Open zachary-foster opened 7 years ago
this might cause a problem when one genus names is used for multiple genera.
does this mean many genera in different higher taxonomic groups? e.g., the same genus name in plants and animals?
Yea, like "Achlya", which is a moth and an oomycete.
possible to allow user to give a higher taxon group ?
That would work well when the user is only looking at one Kingdom, which I expect is usually the case. I think that would have to be handled by taxize
though, since if there are multiple matches, only one can be returned. If there was a variant on taxize::classification
that returned the taxonomy of all matches, perhaps with an additional column of numbers to specify which match each rank belonged to, then that could be implemented in taxa
.
If there was a variant on
taxize::classification
that returned the taxonomy of all matches, perhaps with an additional column of numbers to specify which match each rank belonged to
there is the concept in taxize::get_*
functions to get all results when > 1 result - and not go through the prompt - but taxize::classification
has no equivalent.
though perhaps this is close enough: use get_*
to get any number of taxon IDs, then pass to classification
, optionally bind classifications together
or does that not do what's needed for this?

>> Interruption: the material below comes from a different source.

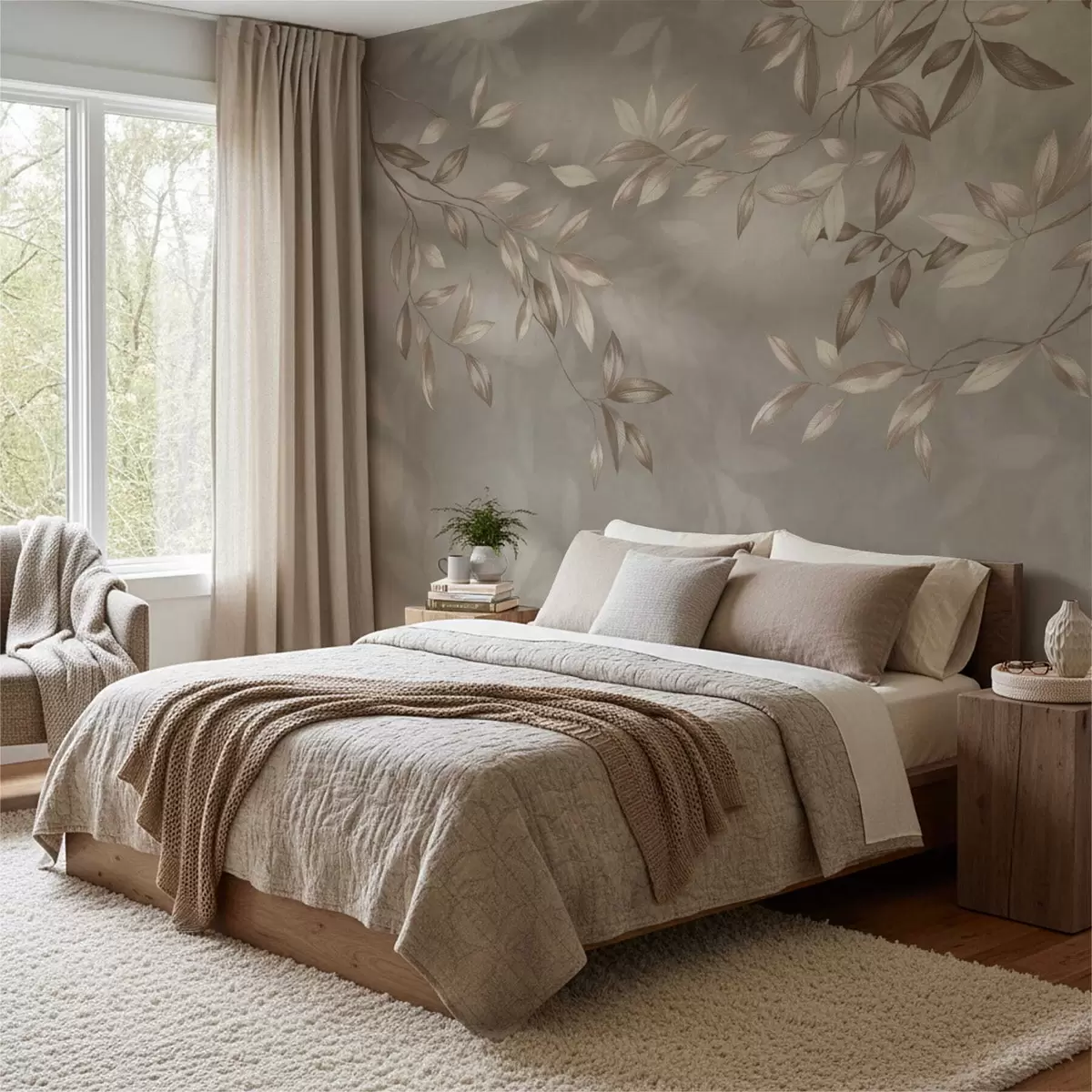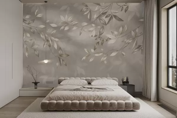 Fototapetak Elegáns, bézs árnyalatú, leveles ágak világos háttér előtt Nr. w05113

I think that would work. Could add an option to taxize::classification
named all_matches = TRUE
that returns that output format. Probably should always have that extra column if TRUE
, even if only one match is returned so the format is consistent.
Which thing would work?
there is the concept in taxize::get_* functions to get all results when > 1 result - and not go through the prompt - but taxize::classification has no equivalent.
Sorry for the vagueness. Looking at the code, it looks like taxize::get_*
are called when a taxon name is supplied and they handle the prompting of the user. An argument could be added to classification
that allows for multiple returns from taxize::get_*
without a prompt, looks up the classification of each, and then rbinds them together with an extra column with the matching taxon ID.
Thanks for clarification.
Sounds good up to the point of rbinding together - that would mean a departure from the output format in other cases - and I'd rather not have variable output formats
opened an issue in taxize
to explore there https://github.com/ropensci/taxize/issues/628
- and I'd rather not have variable output formats
Yea, variable output formats are not great
Often, there are many species in a data set sharing a genus. When looking up the taxonomy from taxon names, it is inefficient to use the full name in many cases since that taxonomy of many species can be inferred from a single query of the genus. Also, sometimes a genus is in a database while a species is not. However, this might cause a problem when one genus names is used for multiple genera.